(Beginning of Information provided)
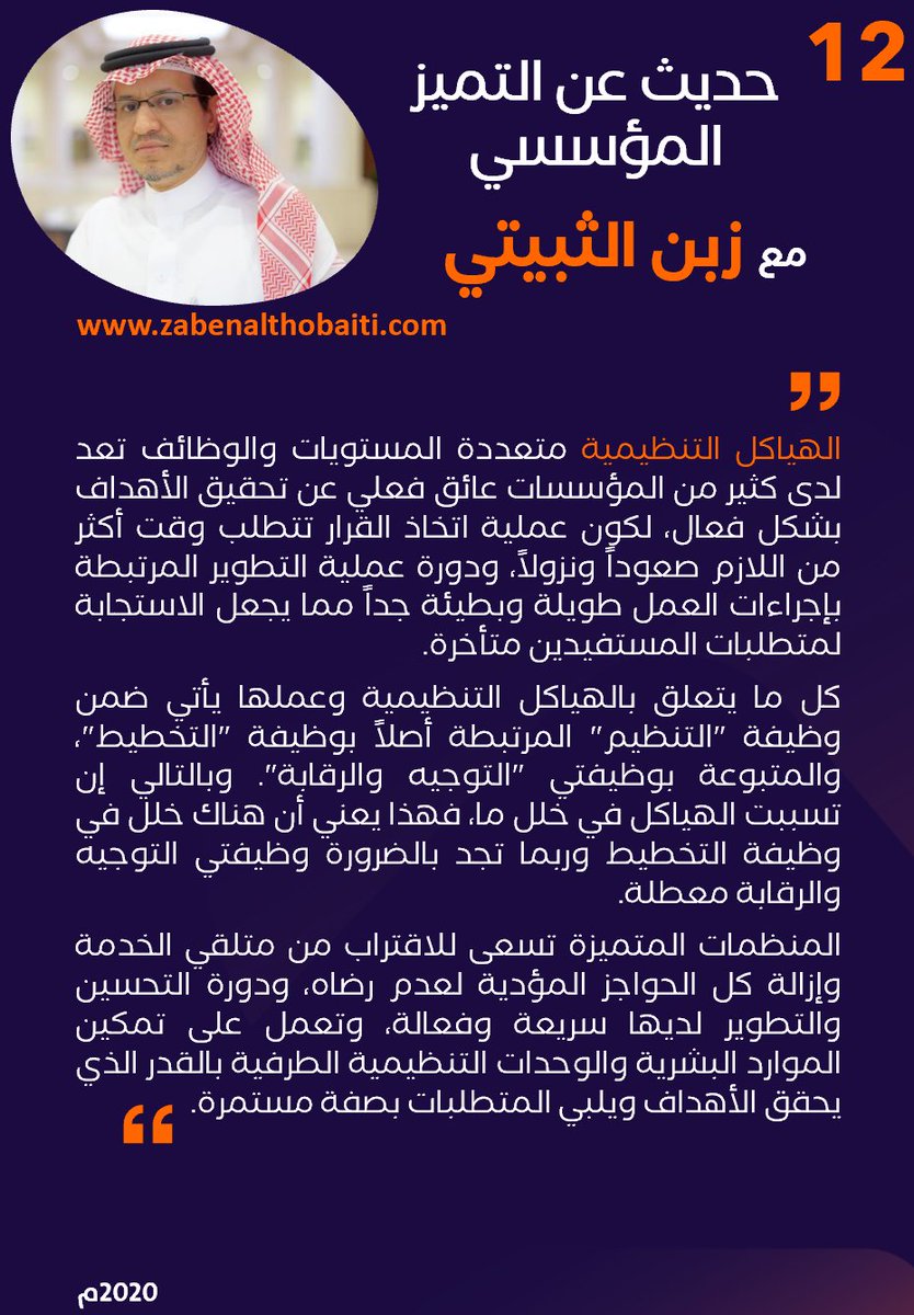 هل تريد أن تعرف ما إذا كنت تعمل ضمن هياكل تنظيمي ميسرة أو عائق أمام تحقيق #التميز_المؤسسي ؟ تعرف على وجهة نظري من خلال النشرة (12).
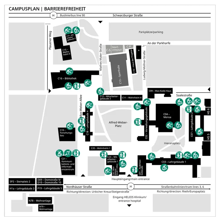 Grundsätzlich sind alle Lehrgebäude für Rollstuhlfahrer zugänglich. Bei Lehrveranstaltungen sind wir bemüht Ihnen die Lehrveranstaltungen im Erdgeschoss zugänglich zu machen. Hierfür sollten Sie uns frühzeitig Ihre Stundenplanung zuleiten, damit wir diese im Dezernat 1bei der Raumvergabe berücksichtigen können.
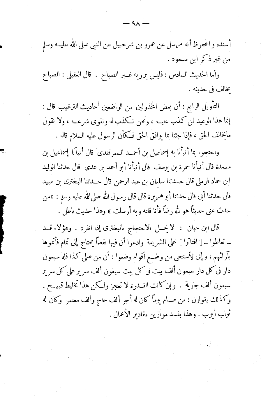 وَهَؤُلاءِ قَدْ تعاطوا [افْتَأَتُوا] عَلَى الشَّرِيعَةِ وَادَّعَوْا أَنَّ فِيهَا نَقْصًا يَحْتَاجُ إِلَى تَمَامٍ فَأَتَمُّوهَا بِآرَائِهِمْ، وَإِنِّي لأَسْتَحِي مِنْ وَضْعِ أَقْوَامٍ وَضَعُوا: أَنَّ مَنْ صلى كَذَا فَلهُ سَبْعُونَ دَار فِي كُلِّ دَارٍ سَبْعُونَ أَلْفَ بَيْتٍ فِي كُلِّ بَيْتٍ سَبْعُونَ أَلْفَ سَرِيرٍ عَلَى كُلِّ سَرِيرٍ سَبْعُونَ أَلْفَ جَارِيَةٍ.
(End of Information provided)
# Task goal
An exact copy is needed of the lines from the start of the listing through the line with "Grundsätzlich sind alle", both end lines included and pictures excluded.

# Problem solution
 هل تريد أن تعرف ما إذا كنت تعمل ضمن هياكل تنظيمي ميسرة أو عائق أمام تحقيق #التميز_المؤسسي ؟ تعرف على وجهة نظري من خلال النشرة (12).
 Grundsätzlich sind alle Lehrgebäude für Rollstuhlfahrer zugänglich. Bei Lehrveranstaltungen sind wir bemüht Ihnen die Lehrveranstaltungen im Erdgeschoss zugänglich zu machen. Hierfür sollten Sie uns frühzeitig Ihre Stundenplanung zuleiten, damit wir diese im Dezernat 1bei der Raumvergabe berücksichtigen können.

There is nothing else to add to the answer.